Your answer must be only the lines below from the one containing "- One-Touch Operation" through the one containing "為了解利益相關方的期望與需求", copied exactly, with the pictures left out.

####################

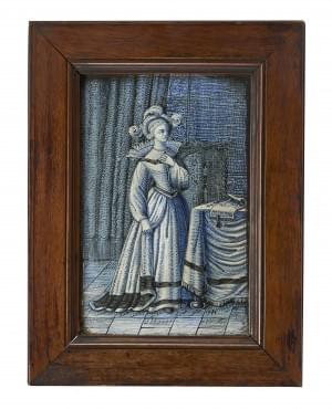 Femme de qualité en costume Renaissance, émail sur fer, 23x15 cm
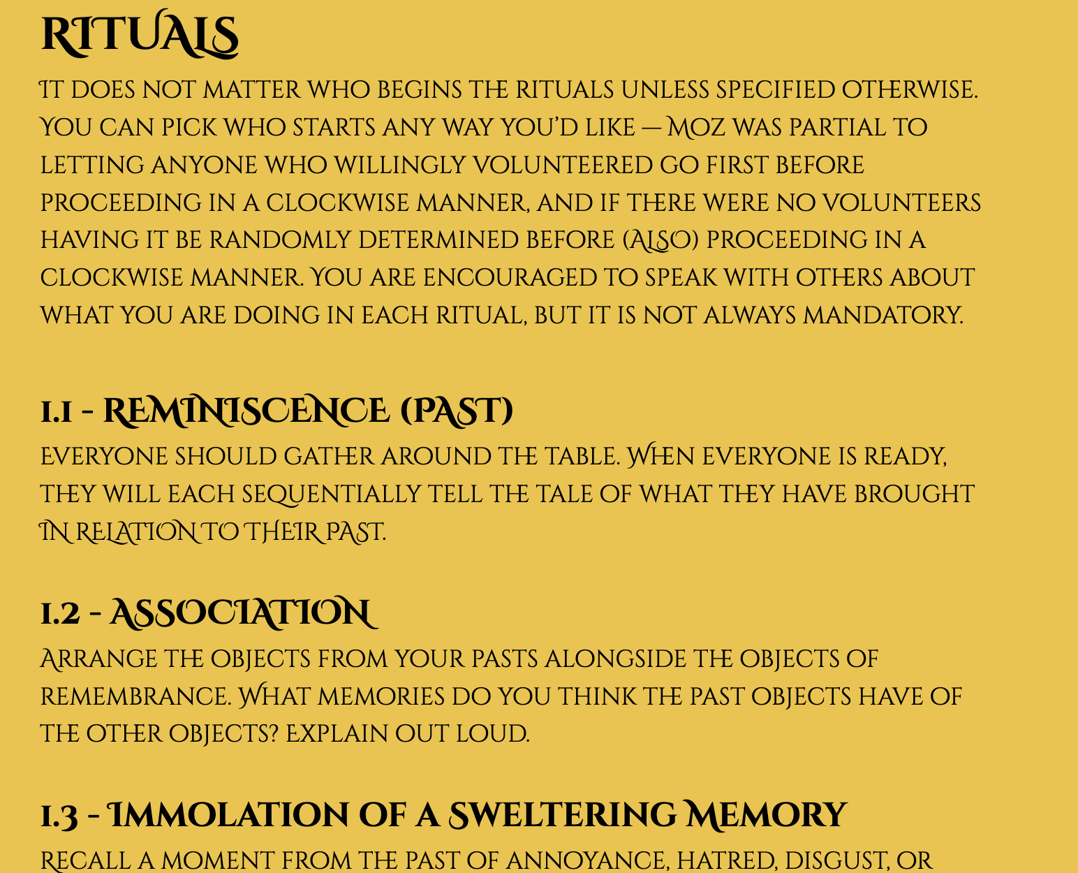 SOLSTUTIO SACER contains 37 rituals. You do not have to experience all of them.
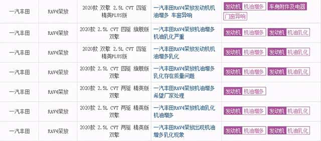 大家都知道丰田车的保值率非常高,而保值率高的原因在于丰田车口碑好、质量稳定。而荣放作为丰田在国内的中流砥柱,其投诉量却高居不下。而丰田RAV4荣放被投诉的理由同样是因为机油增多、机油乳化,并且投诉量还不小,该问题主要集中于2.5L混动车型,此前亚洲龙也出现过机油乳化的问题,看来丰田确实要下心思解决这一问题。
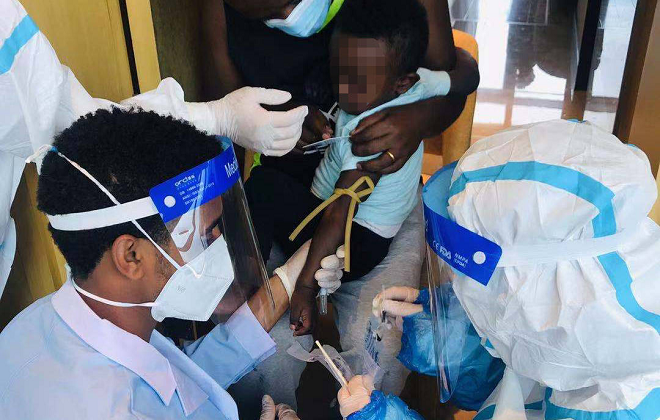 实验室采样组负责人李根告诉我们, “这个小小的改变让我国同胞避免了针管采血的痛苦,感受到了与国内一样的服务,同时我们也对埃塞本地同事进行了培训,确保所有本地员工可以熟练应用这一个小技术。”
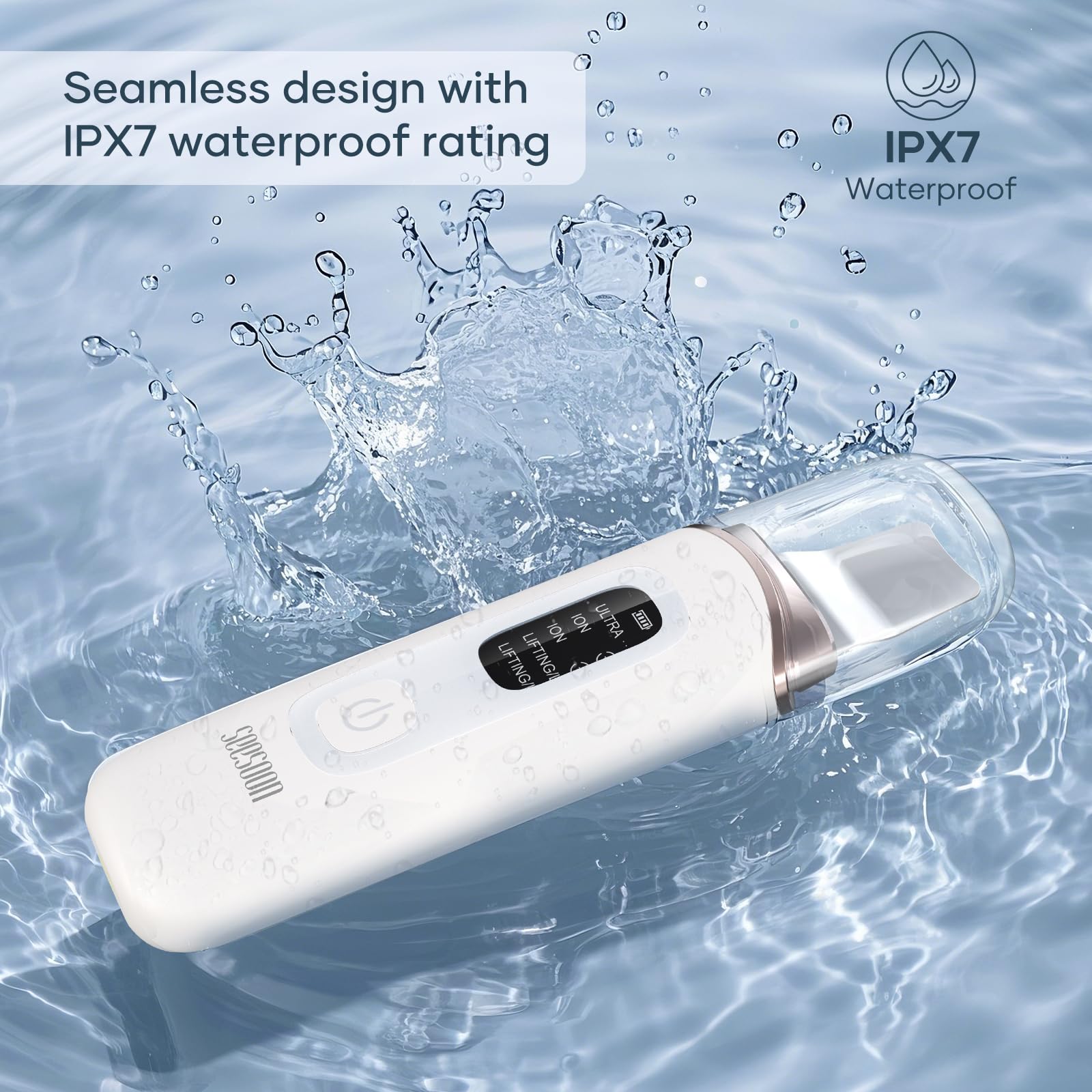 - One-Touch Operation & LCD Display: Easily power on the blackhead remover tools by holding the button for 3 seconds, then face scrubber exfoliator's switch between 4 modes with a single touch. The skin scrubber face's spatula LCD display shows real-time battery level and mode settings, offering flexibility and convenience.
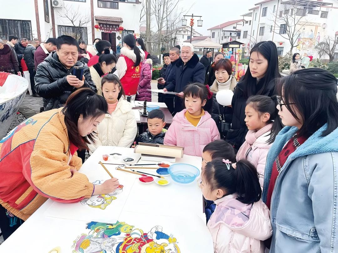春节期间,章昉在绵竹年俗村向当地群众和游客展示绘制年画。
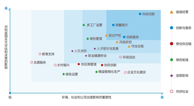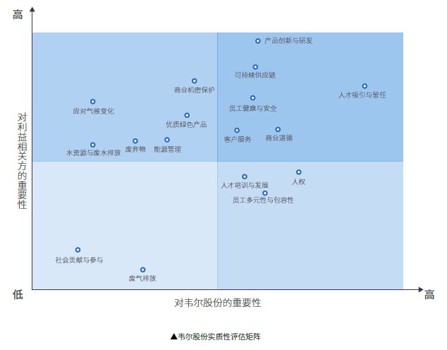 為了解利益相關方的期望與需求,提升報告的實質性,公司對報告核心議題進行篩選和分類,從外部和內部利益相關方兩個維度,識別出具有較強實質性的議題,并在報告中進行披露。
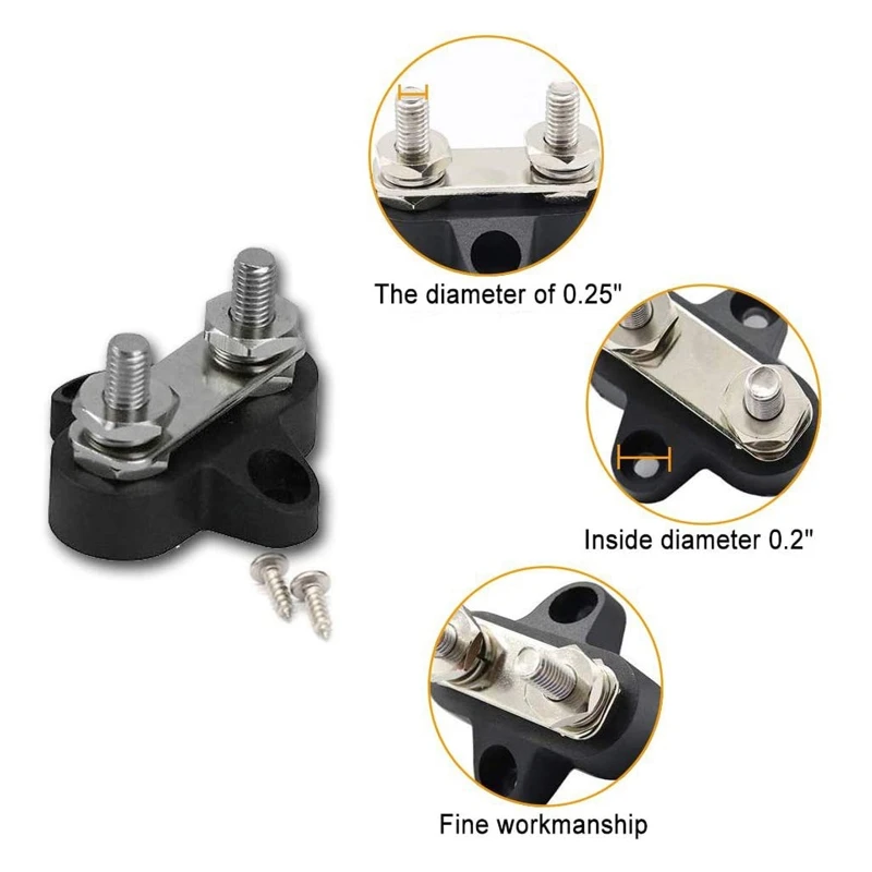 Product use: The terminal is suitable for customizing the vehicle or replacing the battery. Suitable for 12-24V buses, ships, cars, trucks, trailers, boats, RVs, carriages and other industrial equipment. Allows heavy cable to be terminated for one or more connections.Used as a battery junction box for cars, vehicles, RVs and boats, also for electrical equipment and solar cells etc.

####################

- **Task response**
 - One-Touch Operation & LCD Display: Easily power on the blackhead remover tools by holding the button for 3 seconds, then face scrubber exfoliator's switch between 4 modes with a single touch. The skin scrubber face's spatula LCD display shows real-time battery level and mode settings, offering flexibility and convenience.
春节期间,章昉在绵竹年俗村向当地群众和游客展示绘制年画。
 為了解利益相關方的期望與需求,提升報告的實質性,公司對報告核心議題進行篩選和分類,從外部和內部利益相關方兩個維度,識別出具有較強實質性的議題,并在報告中進行披露。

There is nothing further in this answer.